DATA UNDER STUDY:

-- -- --

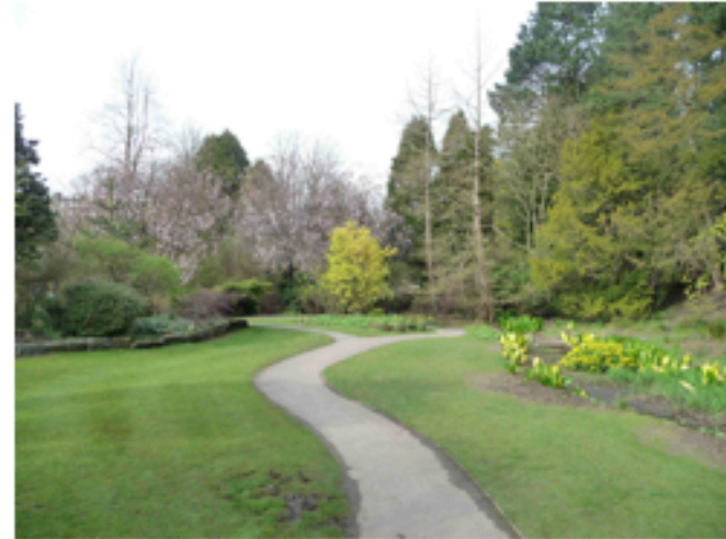
Entrance from west
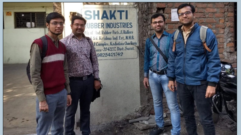
Branch : Mechanical Engineering Industry : Shakti Rubber Industries, Surat Date : 02-02-2019
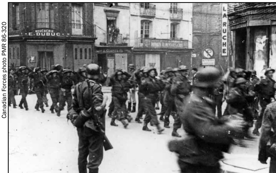
Canadian Forces photo PMR 86-320

Canadian prisoners are escorted away from the beach, Dieppe, 19 August 1942.
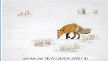
Julia Wainwright_RED FOX SEARCHING FOR PREY
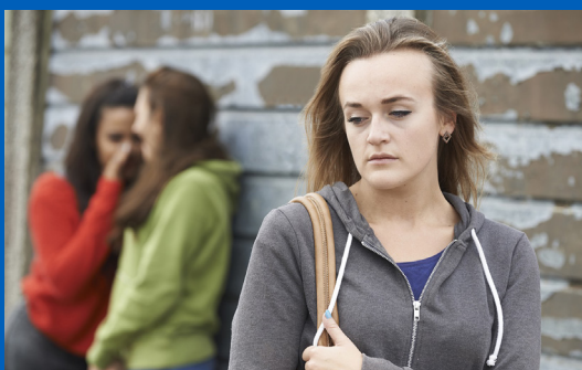
Trust tackles long waiting times for young people's mental health services
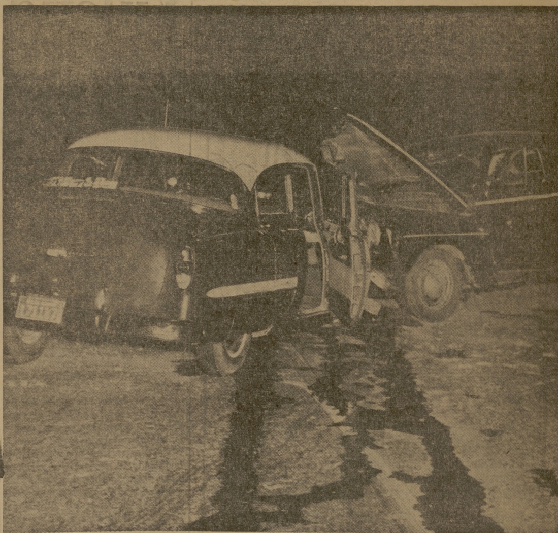
One More for the Long, Lonesome Road...

The Texas Department of Public Safety has officially predicted that 111 Texans will be killed in Christmas-New Year's holiday traffic this year.
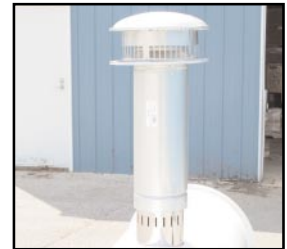
Flue Duct Kit (with rain cap) #EF1
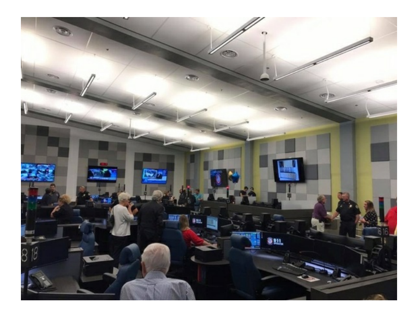
Inside the New Sumner County PSAP

A: This consolidation was a long drawn out process that we started back in 2008. It was not an easy task and was not something that we just jumped into. We looked at the feasibility of it and after deciding to move forward with the blessing of all that would be affected by it, we tried to plan for everything. We also visited several sites that had already done this to get their thoughts and find out what issues or obstacles they had to overcome. By doing this I believe that it made our transition a smoother one. We still have a way to go with getting all the Telecommunicators crossed trained and getting their times up to where they were, but we are well on our way and welcome anyone that would like to come and tour the center or discuss our process.
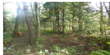
CEDAR POINT AV

$25,000.00 81x136 Property Taxes $328.47 Agency: nrs SUNSET HILL LOT: 5
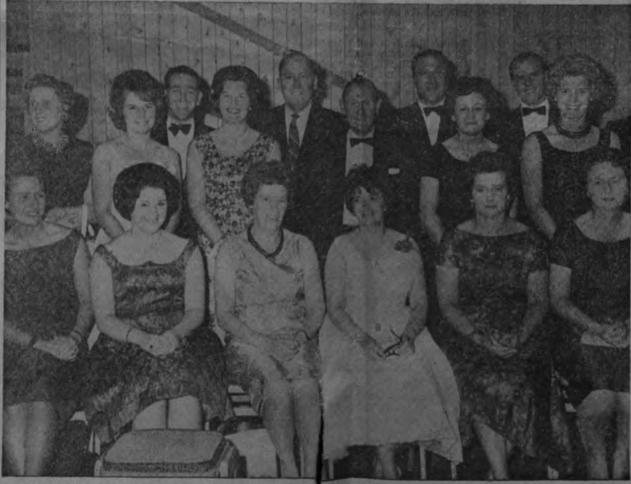
Members and guests of the Southcliffe Golf Club, during a social evening at Moor Lodge Hotel, Branston.

prior to moving to new and more modern premises, we are now holding a removal sale
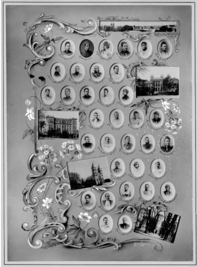
Figure 7 Fotocollage from eth 1890s of most (but not all) of the female students at Lund University up until that time; made by Lina John, a pioneering female photographer

This chapter builds, in part, on a yet unpublished manuscript that is part of a larger sumnerical popular historical work on Lund University scheduled for release in December 2016.
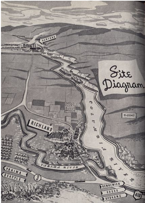
This diagram of Hanford, Washington, was created to show its strategic location for creating plutonium.
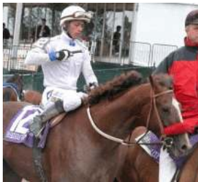
Stevie Wonderboy following the BC Juvenile Sherackatthetrack
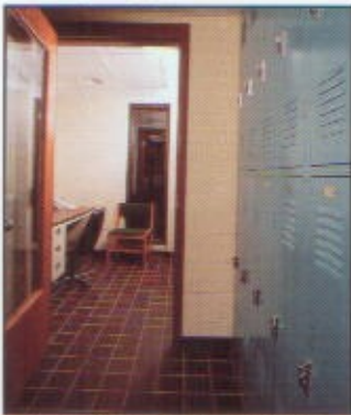
Furnish employees with a storage/locker area.
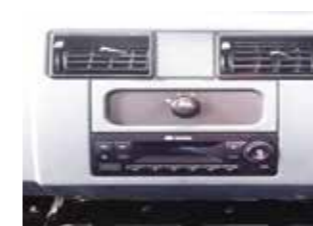
Music System and High speed USB Charger
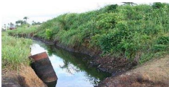
Figure 4. Crude oil spills polluted stream.
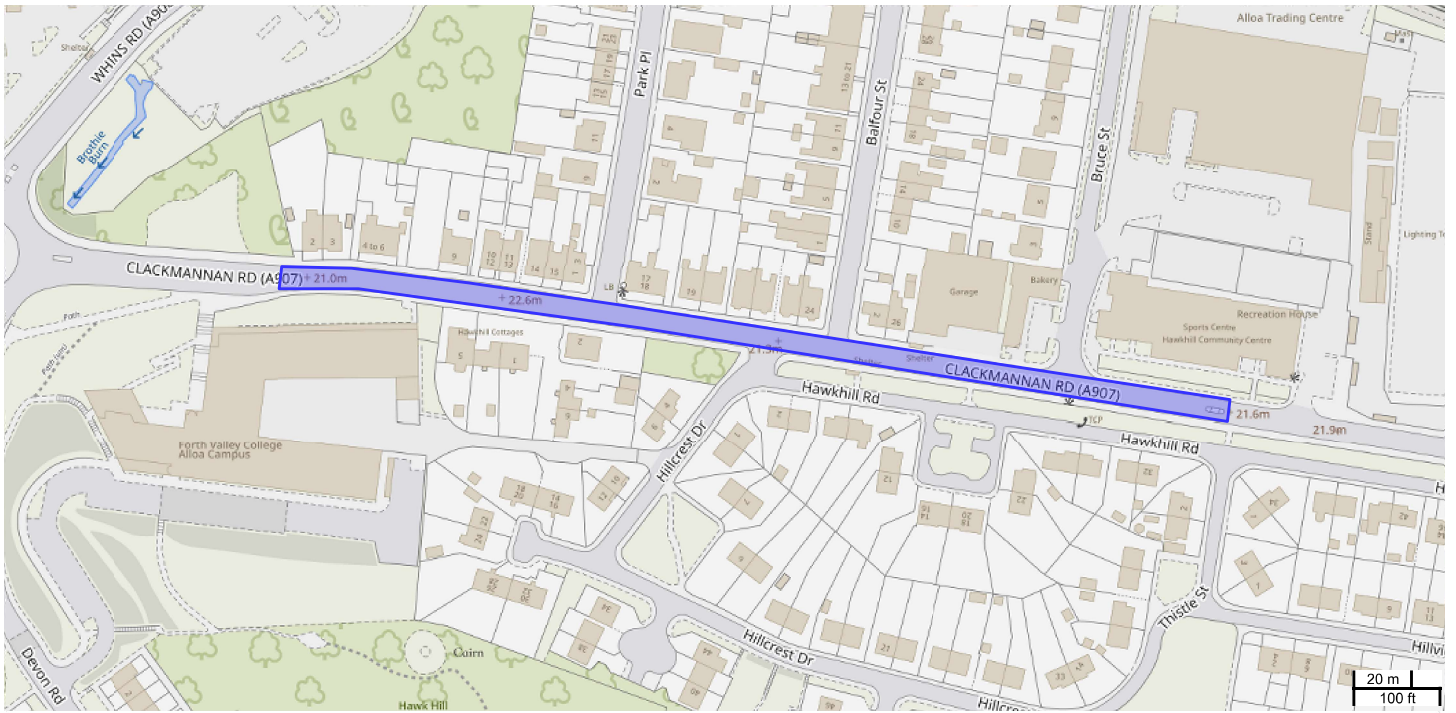
A907 Clackmannan Road, Alloa

-- -- --

INSTRUCTIONS FOR THE TASK:
Look through the records above for the string "Canadian", then copy every line that has it.

YOUR SOLUTION:
Canadian Forces photo PMR 86-320
Canadian prisoners are escorted away from the beach, Dieppe, 19 August 1942.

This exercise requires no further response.